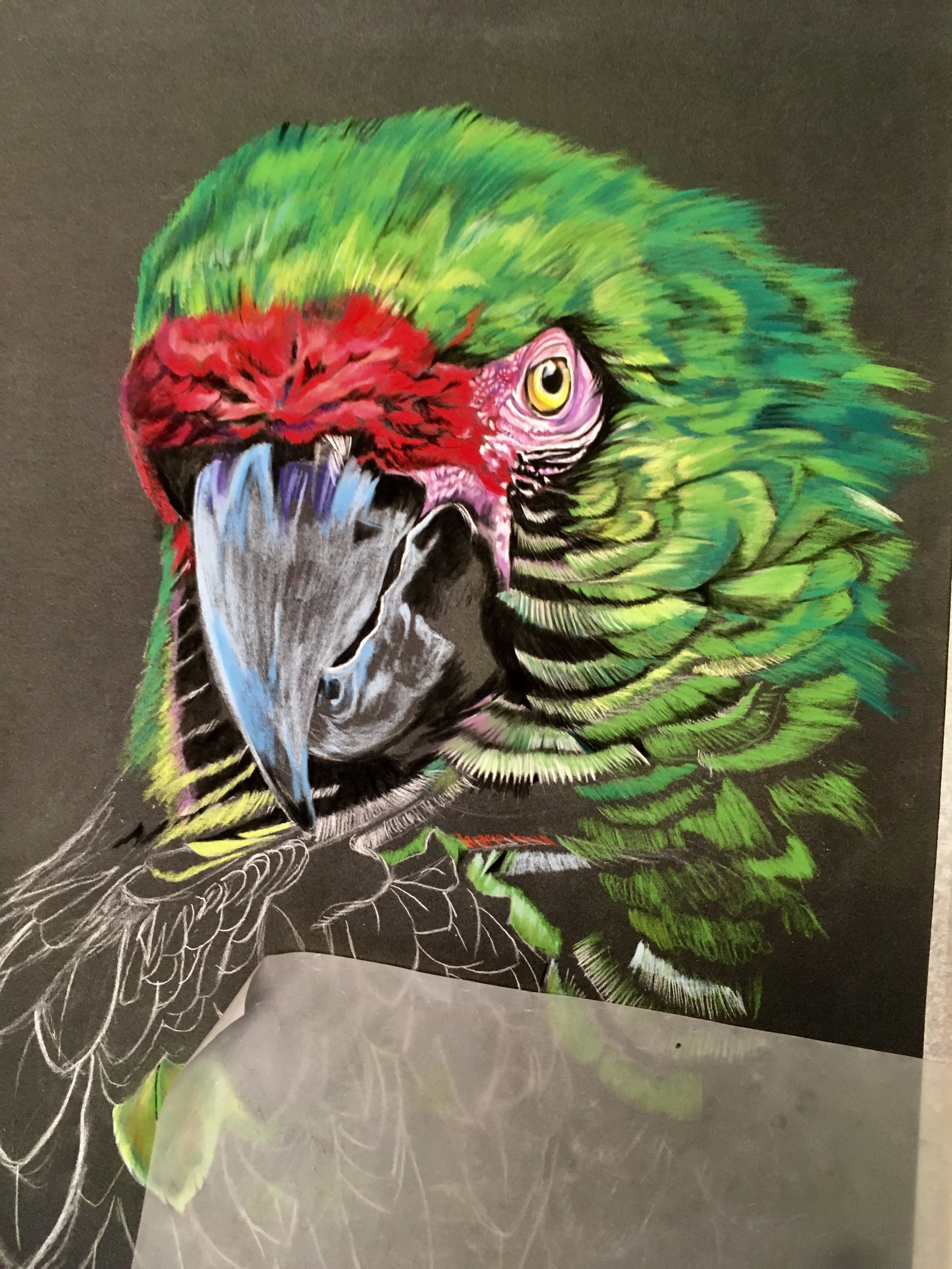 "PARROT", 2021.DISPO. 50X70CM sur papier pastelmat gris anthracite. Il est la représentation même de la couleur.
==========
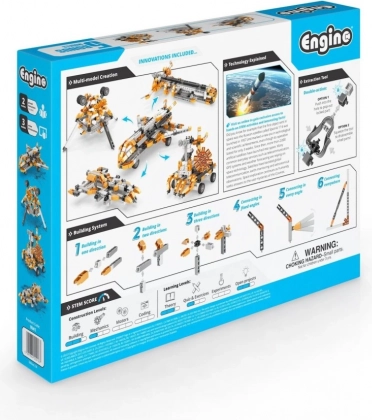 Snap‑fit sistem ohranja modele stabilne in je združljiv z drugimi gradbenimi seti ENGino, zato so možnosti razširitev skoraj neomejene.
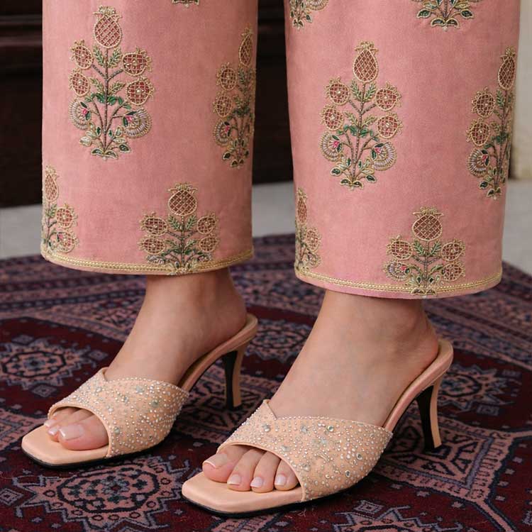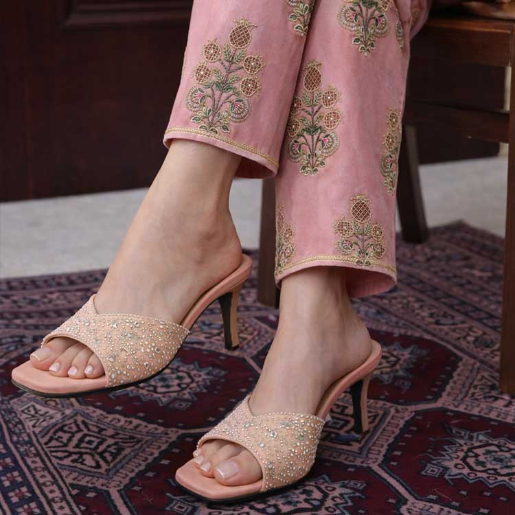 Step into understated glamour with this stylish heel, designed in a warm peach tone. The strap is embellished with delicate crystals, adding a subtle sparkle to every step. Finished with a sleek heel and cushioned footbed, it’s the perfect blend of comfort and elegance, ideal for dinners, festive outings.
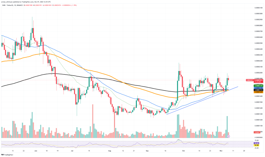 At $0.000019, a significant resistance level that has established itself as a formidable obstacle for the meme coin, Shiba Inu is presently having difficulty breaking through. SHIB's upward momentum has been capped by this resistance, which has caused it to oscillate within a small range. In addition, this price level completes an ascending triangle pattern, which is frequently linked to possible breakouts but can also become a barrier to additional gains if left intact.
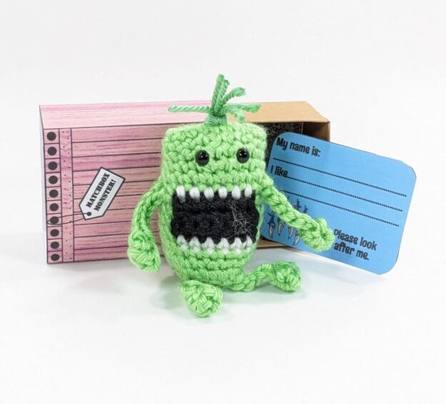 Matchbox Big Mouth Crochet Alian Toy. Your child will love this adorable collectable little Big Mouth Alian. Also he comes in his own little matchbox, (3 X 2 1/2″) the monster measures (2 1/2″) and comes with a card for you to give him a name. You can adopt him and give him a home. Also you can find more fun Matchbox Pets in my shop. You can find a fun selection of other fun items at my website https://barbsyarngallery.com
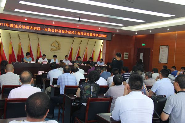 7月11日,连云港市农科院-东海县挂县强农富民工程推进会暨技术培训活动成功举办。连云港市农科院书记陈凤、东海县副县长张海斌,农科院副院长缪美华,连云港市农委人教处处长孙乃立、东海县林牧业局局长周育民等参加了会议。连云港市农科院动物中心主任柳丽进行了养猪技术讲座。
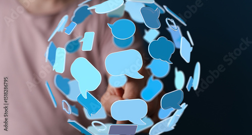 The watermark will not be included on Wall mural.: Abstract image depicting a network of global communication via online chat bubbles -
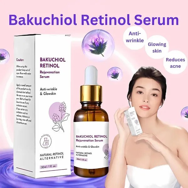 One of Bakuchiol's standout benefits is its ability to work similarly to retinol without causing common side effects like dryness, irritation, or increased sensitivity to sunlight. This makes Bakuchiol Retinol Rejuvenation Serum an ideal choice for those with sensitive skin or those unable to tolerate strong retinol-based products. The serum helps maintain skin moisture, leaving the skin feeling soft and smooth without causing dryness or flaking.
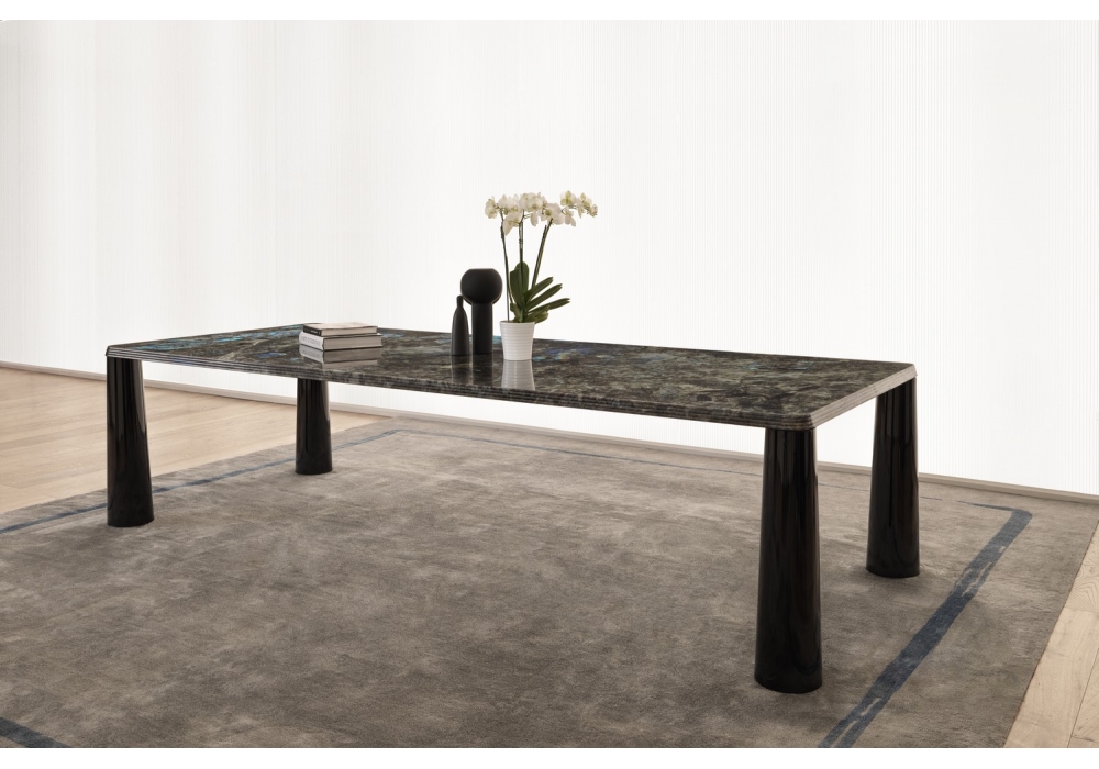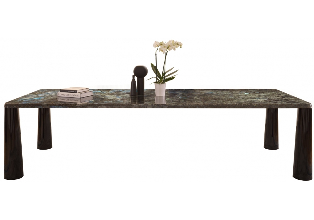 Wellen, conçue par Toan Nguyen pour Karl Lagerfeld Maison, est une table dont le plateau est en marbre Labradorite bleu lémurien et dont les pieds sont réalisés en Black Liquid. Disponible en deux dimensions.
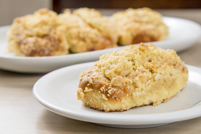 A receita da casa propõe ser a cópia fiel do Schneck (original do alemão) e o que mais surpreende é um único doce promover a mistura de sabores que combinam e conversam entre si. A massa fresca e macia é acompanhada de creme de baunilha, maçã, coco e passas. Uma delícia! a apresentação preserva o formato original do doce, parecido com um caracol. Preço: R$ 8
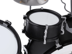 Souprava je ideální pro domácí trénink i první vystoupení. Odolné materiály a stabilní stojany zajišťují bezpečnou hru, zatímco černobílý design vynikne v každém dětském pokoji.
==========
## Instructions to follow
Retype, exactly and with no pictures, everything above from the line with "Snap‑fit sistem ohranja" down to the line with "At $0.000019, a", both included.

## Exercise output
 Snap‑fit sistem ohranja modele stabilne in je združljiv z drugimi gradbenimi seti ENGino, zato so možnosti razširitev skoraj neomejene.
 Step into understated glamour with this stylish heel, designed in a warm peach tone. The strap is embellished with delicate crystals, adding a subtle sparkle to every step. Finished with a sleek heel and cushioned footbed, it’s the perfect blend of comfort and elegance, ideal for dinners, festive outings.
 At $0.000019, a significant resistance level that has established itself as a formidable obstacle for the meme coin, Shiba Inu is presently having difficulty breaking through. SHIB's upward momentum has been capped by this resistance, which has caused it to oscillate within a small range. In addition, this price level completes an ascending triangle pattern, which is frequently linked to possible breakouts but can also become a barrier to additional gains if left intact.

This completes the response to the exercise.